Через несколько дней из-за Ангары послышался гул артиллерии. Чарнацкий с облегчением вздохнул, узнав, что Польский воинский союз сохранил нейтралитет, не выступил на стороне юнкеров. И еще он узнал, что пани Ядвига находится в безопасном месте.

Морозный, солнечный, безветренный день. Из всех труб в небо поднимались столбы дыма. Город, который словно бы притаился, вновь ожил. Все равно, кто бы ни победил, надо было топить печи, готовить субботний обед.

Долгих предсказывал, что в тот момент, когда падет дом губернатора, зазвонят колокола во всех церквах Иркутска. Колокола молчали.

Хотя большинство улиц были пусты, на Главной уже появились прохожие. Убитых успели убрать, но на снегу кое-где еще оставались следы крови, и неизвестно чьей, юнкеров или красногвардейцев-железнодорожников. А вот и губернаторский дом. Слышится монотонный окрик: «Проходите! Проходите! Не задерживайтесь!» Да, юнкера неплохо поработали. Губернаторский дом весь изрешечен пулями. На крыше развевается алое знамя. Красногвардейцы заколачивают фанерой окна, греются возле разожженных поблизости костров. На рукавах красные повязки.

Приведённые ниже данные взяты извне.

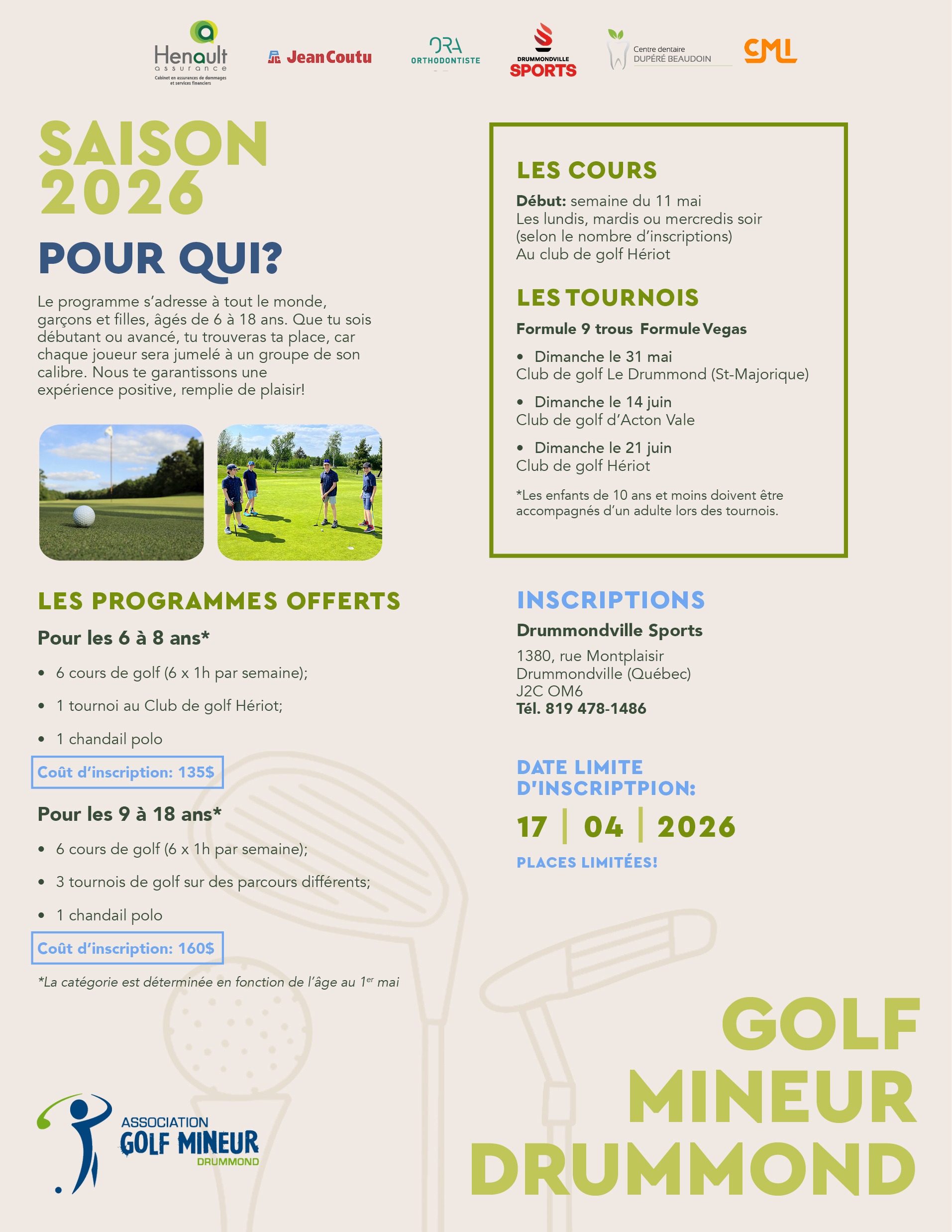 L’association de golf mineur te permettra d’apprendre les techniques de base du golf, de développer tes habiletés motrices et d’améliorer ton jeu en jouant sur de véritables terrains.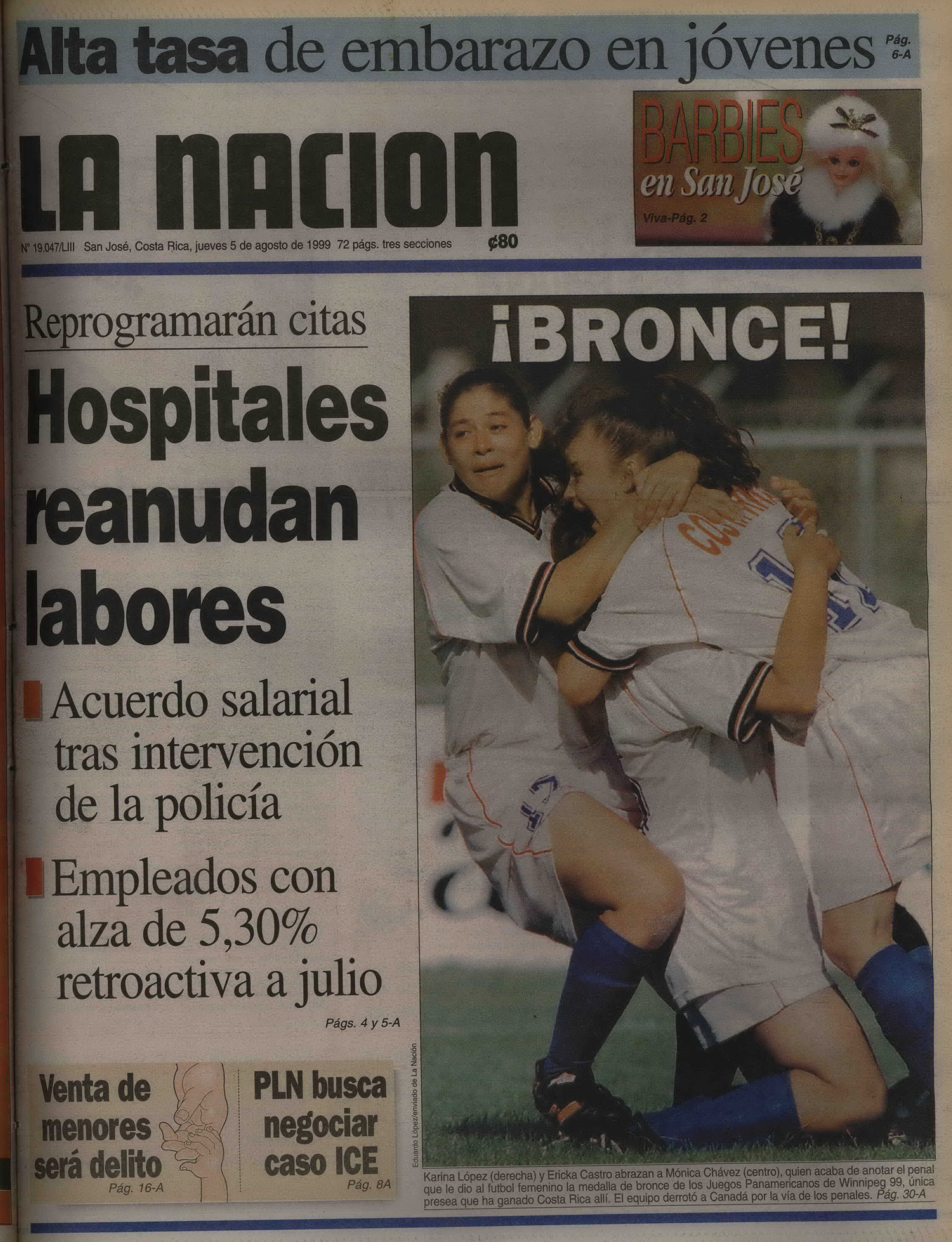El 5 de agosto de 1999, en la portada de La Nación se leía: “¡Bronce!”, con una foto en la que Karina López y Ericka Castro abrazaban a Mónica Chávez, quien marcó el penal con el que la Sele subió al podio.

В окнах с выбитыми стеклами тоже стоят красногвардейцы и наблюдают за прохожими. Такое впечатление, что обе стороны изучают друг друга.

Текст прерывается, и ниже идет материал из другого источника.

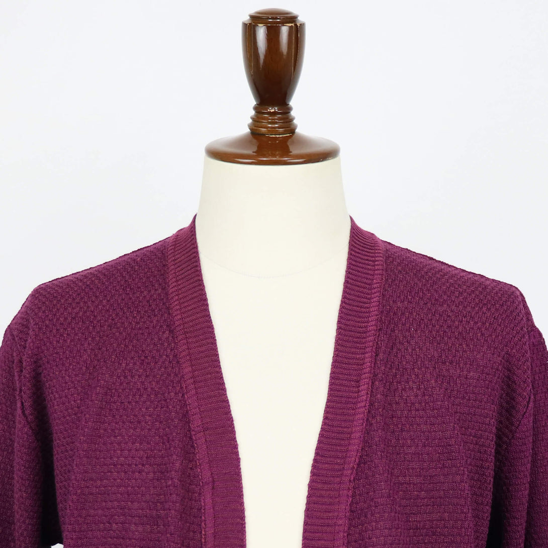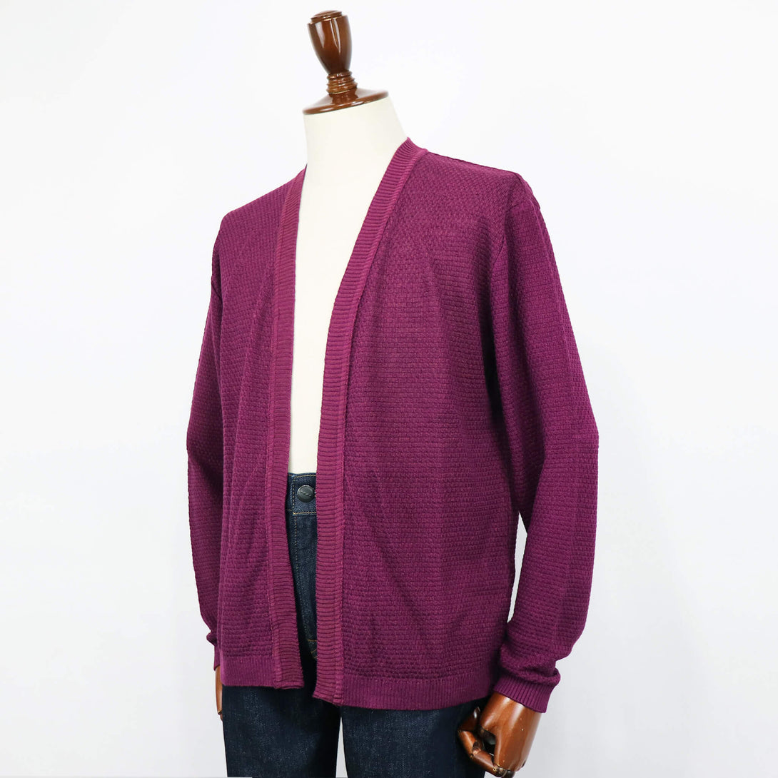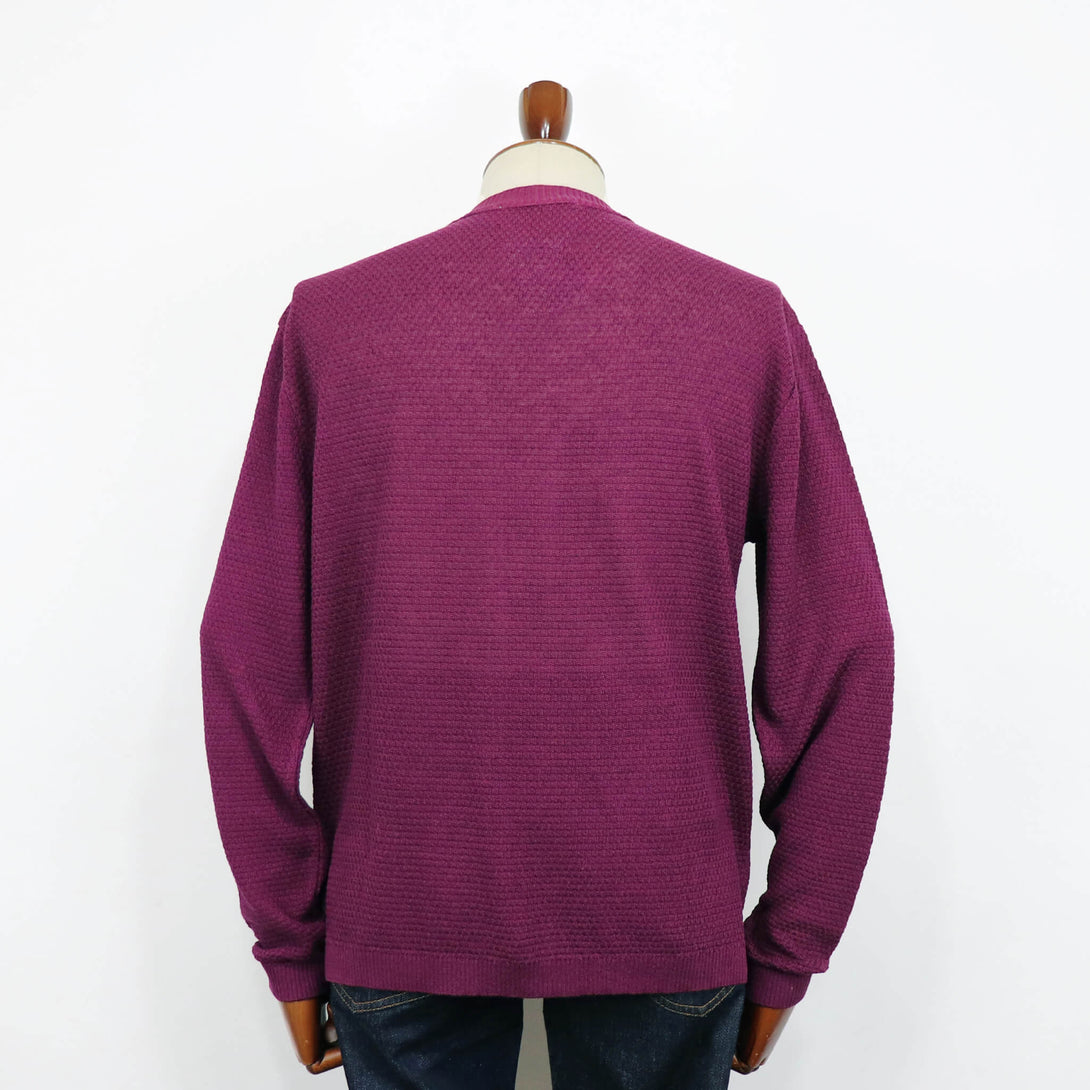 今季のBlu Bre(ブルブレ)新作は、上質な天然素材の魅力を存分に味わえる、大人のための一着。リネン80%、シルク20%の混紡糸「シルクリネン」を使用し、リネンの清涼感と通気性、シルクの上品な光沢と滑らかなタッチが融合した贅沢な素材感で仕上げた、ボタンレスカーディガン。春夏の軽羽織として心地よく、そして品良く着こなせる仕上がりに。ジャケットの代わりとしても重宝するのでは無いでしょうか?!立体感のあるモノグラム調のリンクス編みがシンプルながらも洗練された存在感に。縦横にしなやかに伸びるニットの編地は、動きやすくストレスのない着用感となります。シルエットはクラシックモデルらしく、ほどよくゆとりのある設計で、抜け感のあるボタンレス仕様。衿から前立てまでを太幅のリブで切り替え、落ち着きの中にもクラス感を感じさせる一枚に仕上がっています。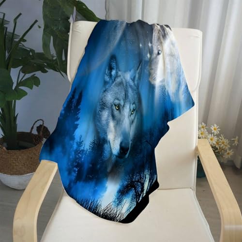 【Wolfsmuster Design】: Fühlbare Decke mit schönem Wolfsdruck auf einer Seite. Die kuschelige warme decke bietet eine bessere beständigkeit gegen verblassen und flecken qua baumwolldecken.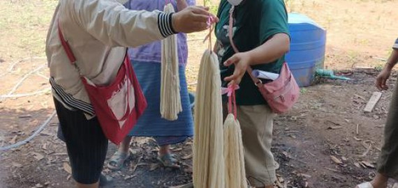 ภาพกิจกรรม โปรแกรมวิชาเคมี จัดการฝึกอบมเชิงปฏิบัติการการย้อมเส้นด้ายฝ้ายด้วยสีจากธรรมชาติ 25 เมษายน 2565 งานบริการวิชาการ
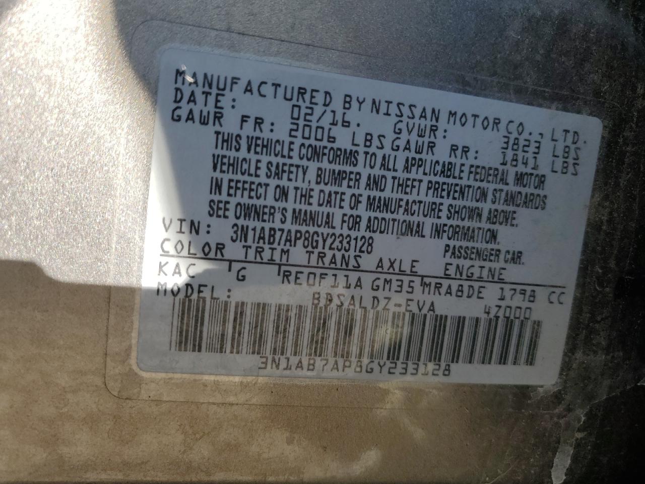 2016 NISSAN SENTRA - 3N1AB7AP8GY233128, колір - Сірий, 1.8, Бензин, із США

— Проходите! Проходите! Не останавливаться!.. — На сей раз это относилось к Чарнацкому, который остановился, заметив в окне Лесевского. Значит, есть поляки, которым небезразличны события в России?

Чарнацкий решил зайти к Кулинскому. Дом, в котором жил адвокат, оказался в районе боев. Кулинский должен быть у себя: из трубы поднимался, дым. Странный какой-то дым. Чем он топит? Вверх летят клочья сгоревшей бумаги. Неужели адвокат сжигает документы?

Кулинский открыл дверь лишь после того, как убедился, что за дверью Чарнацкий.

— Послушайте, пан Мариан, коль скоро вы соблюдаете подобные меры предосторожности, вы не должны так демонстративно уничтожать документы. Если кто-то, сразу же после победы большевиков, сжигает бумаги, разве это не может вызвать подозрение?

— Бумаги? Сжигает бумаги? — Кулинский никак не мог взять в толк, о чем говорит Чарнацкий.

— Из вашей печной трубы вылетают черные хлопья обгоревшей бумаги.

— Я… я уже неделю топлю печь газетами. Книгами. Боялся выйти в сарай за дровами, такая была стрельба. Никита ранен шальной пулей.

В кабинете адвоката Чарнацкий даже вскрикнул от удивления, увидев столь тяжкие последствия восстания юнкеров. Четверти библиотеки как не бывало. Адвокат сжег почти все годовые комплекты польских еженедельников.

— По-моему, вы могли бы начать с этого фолианта, — и Чарнацкий кивнул в сторону «Кодекса», — не с журналов. Многое может произойти, но России уже никогда не пригодится этот свод законов… С ним покончено навсегда. Почему вы сожгли наш «Иллюстрированный еженедельник» и начали его уничтожать с комплектов, выходивших в старое доброе время?

— Я подумал, что больший интерес представляют выходившие в наше время. После всей этой стрельбы, скажу я вам, самодержавие не самое страшное зло для России.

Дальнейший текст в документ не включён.